Data in this exercise —
----------------

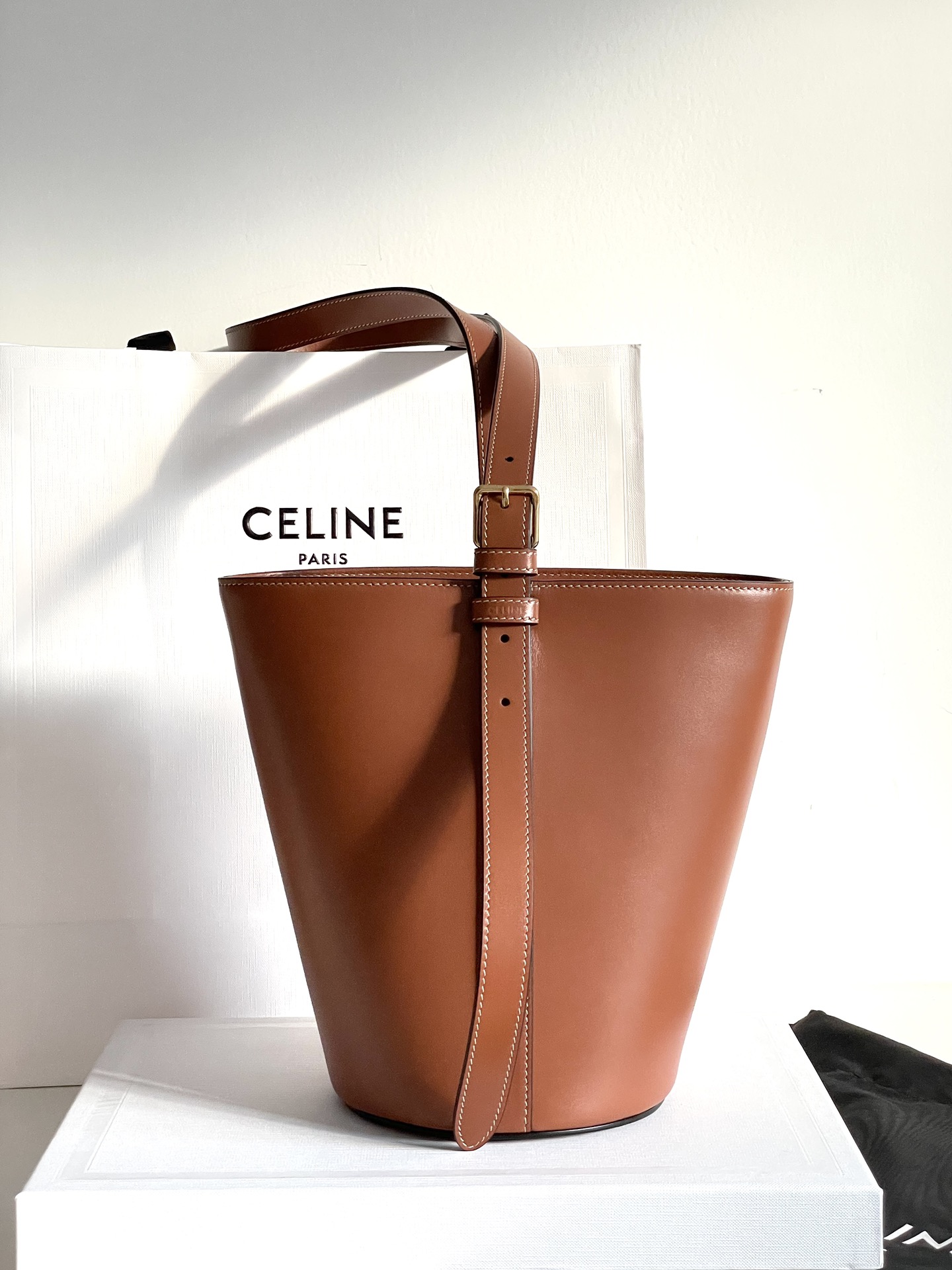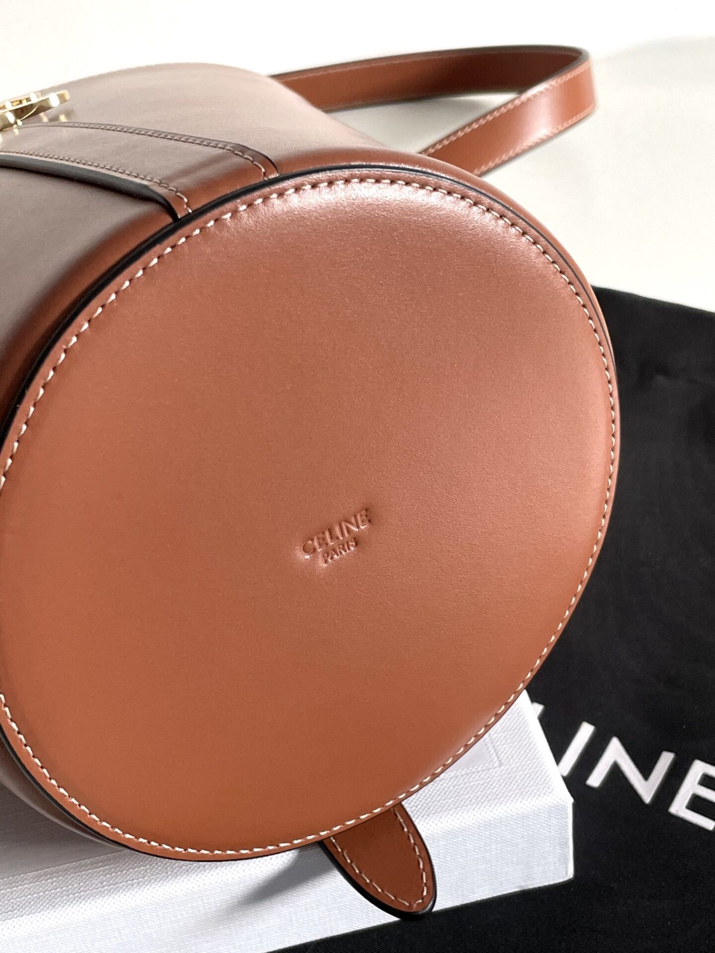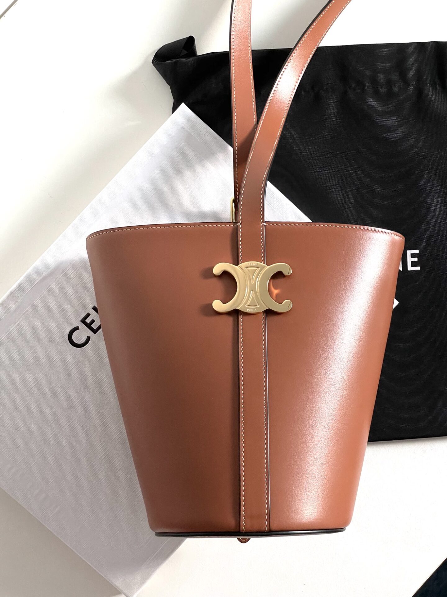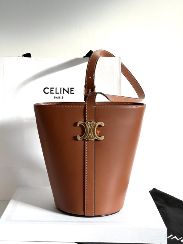 셀린느의 최신 카이세르 버킷백은 고급스러운 소가죽으로 제작되어 뛰어난 광택을 자랑합니다.
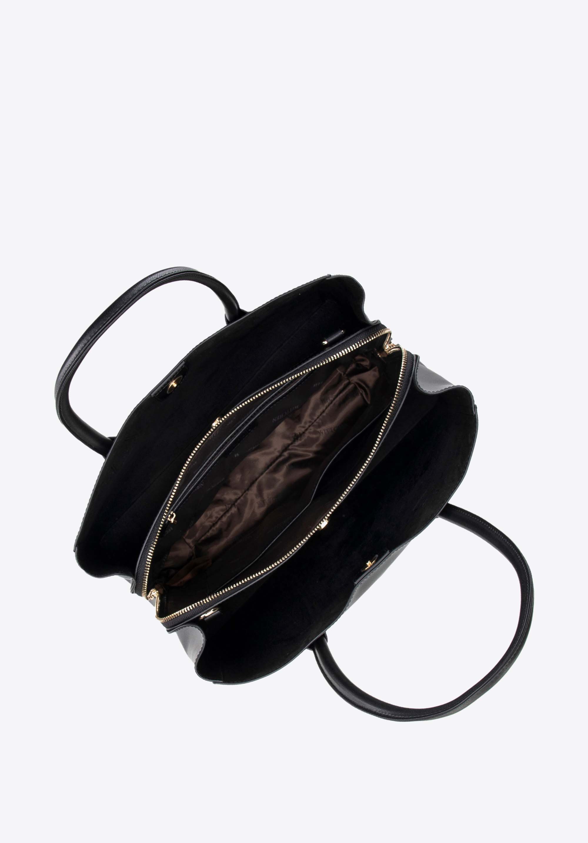 - Praktyczne wnętrze: Główna komora torby posiada trzy kieszenie, w tym jedną zamykaną na zamek, co dodatkowo ułatwia przechowywanie i segregowanie przedmiotów.
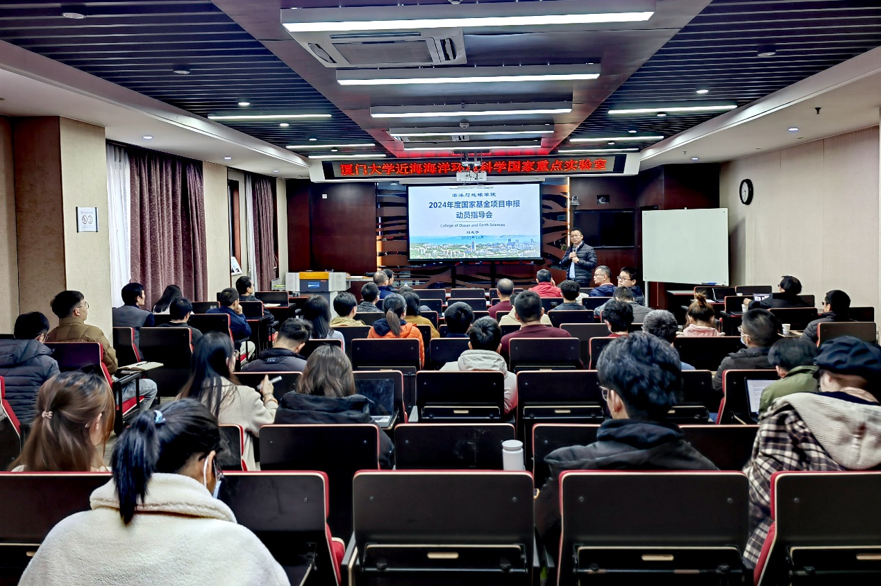 2023年12月21-22日,我院在周隆泉楼A3-206报告厅召开2024年度国家自然科学基金(以下简称“国家基金”)申报动员会。会议由我院副院长刘志宇主持,中国科学院海洋研究所研究员侯一筠应邀出席并作专题报告,我院专任教师、博士后和科研助理等八十余人参加。动员会后,我院在希平楼C2-310会议室组织申请书指导工作。
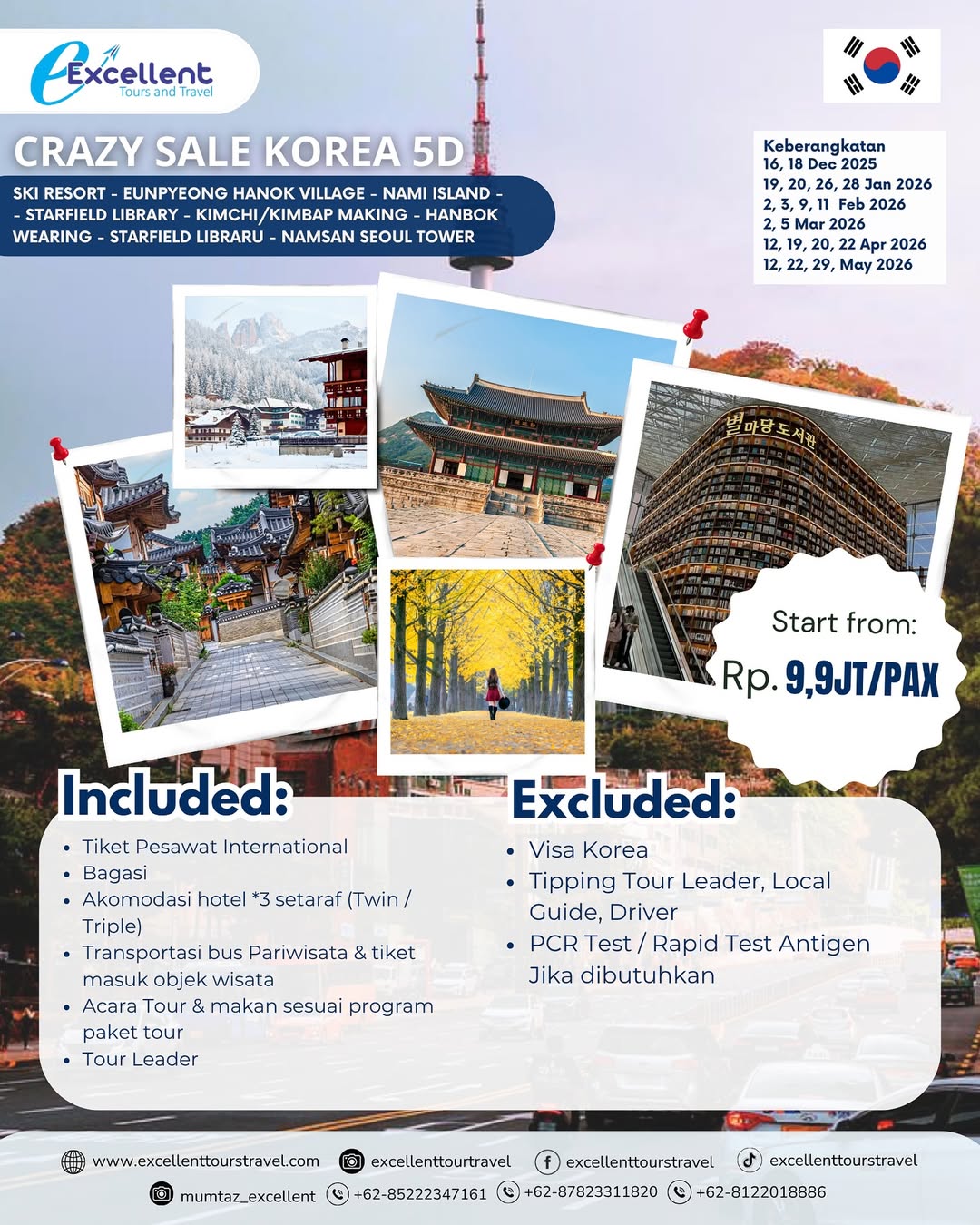 🎟 Termasuk: tiket pesawat internasional & bagasi, hotel bintang 3 (Twin/Triple), transportasi & tiket objek wisata
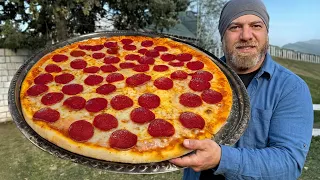 A giant, cheesy pepperoni pizza is made in the backyard in this video. I cook a giant homemade pizza outdoors using simple ingredients and real outdoor cooking techniques. The dough is stretched, covered with rich tomato sauce, loaded with pepperoni, and topped with a mountain of melted cheese. Watching this pizza cook is incredibly satisfying, crispy crust, bubbling cheese, and the perfect homemade flavor.
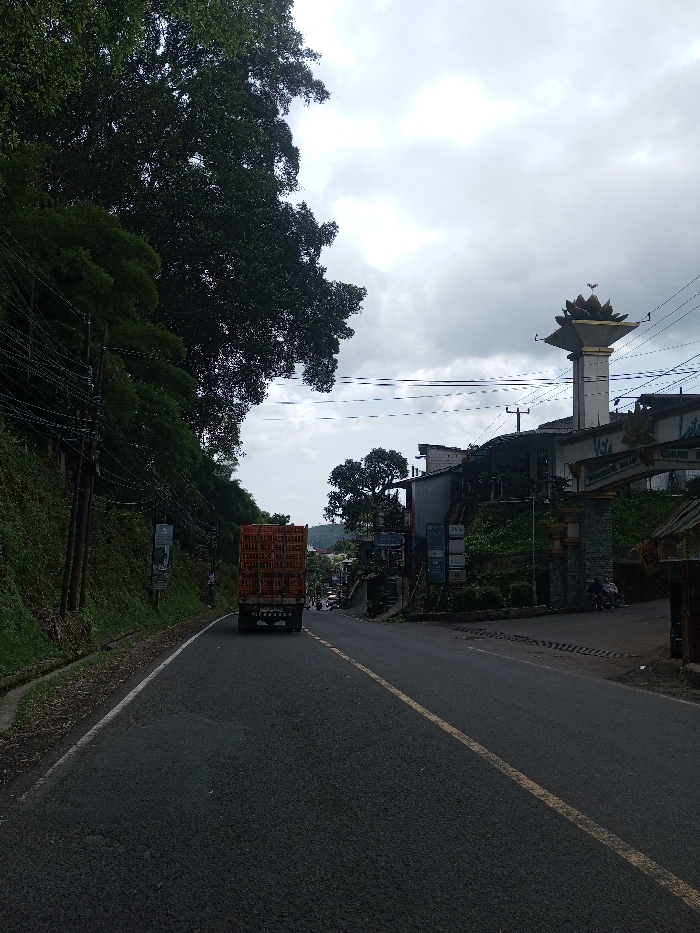 This image captures a street scene in Gubbisamamidi, India, on an overcast day. The perspective is from the center of a two-lane asphalt road, looking forward as it curves slightly uphill. A solid yellow line marks the road's center, and a white line delineates the right edge of the paved surface. On the left, a steep, densely vegetated embankment rises, covered in lush green foliage and large trees. Multiple utility poles run parallel to the road, supporting a complex network of dark electrical wires. A rectangular banner is affixed to one of these poles. In the middle ground, a dark truck, possibly a flatbed, occupies the right lane, moving away from the viewer. Its cargo area is filled with numerous stacked orange or reddish-brown crates. Further down the road, other vehicles are visible in the distance. On the right side of the road, a series of buildings are set into a hillside. A prominent white tower-like structure with a gold lotus-shaped top and a weather vane stands out against the sky. Below this, an entrance archway or gate is visible, with lettering partially discernible. Several individuals are seated on a bench or low wall near this entrance, observing the scene. Various commercial signs adorn the adjacent buildings. In the immediate foreground on the right, a small, dark wooden structure is present. The sky is largely covered by grey clouds.

----------------

Required action —
The answer must be the lines of the entries above, written out exactly from the first through the one with "A giant, cheesy", and no pictures.

Response area —
 셀린느의 최신 카이세르 버킷백은 고급스러운 소가죽으로 제작되어 뛰어난 광택을 자랑합니다.
 - Praktyczne wnętrze: Główna komora torby posiada trzy kieszenie, w tym jedną zamykaną na zamek, co dodatkowo ułatwia przechowywanie i segregowanie przedmiotów.
 2023年12月21-22日,我院在周隆泉楼A3-206报告厅召开2024年度国家自然科学基金(以下简称“国家基金”)申报动员会。会议由我院副院长刘志宇主持,中国科学院海洋研究所研究员侯一筠应邀出席并作专题报告,我院专任教师、博士后和科研助理等八十余人参加。动员会后,我院在希平楼C2-310会议室组织申请书指导工作。
 🎟 Termasuk: tiket pesawat internasional & bagasi, hotel bintang 3 (Twin/Triple), transportasi & tiket objek wisata
 A giant, cheesy pepperoni pizza is made in the backyard in this video. I cook a giant homemade pizza outdoors using simple ingredients and real outdoor cooking techniques. The dough is stretched, covered with rich tomato sauce, loaded with pepperoni, and topped with a mountain of melted cheese. Watching this pizza cook is incredibly satisfying, crispy crust, bubbling cheese, and the perfect homemade flavor.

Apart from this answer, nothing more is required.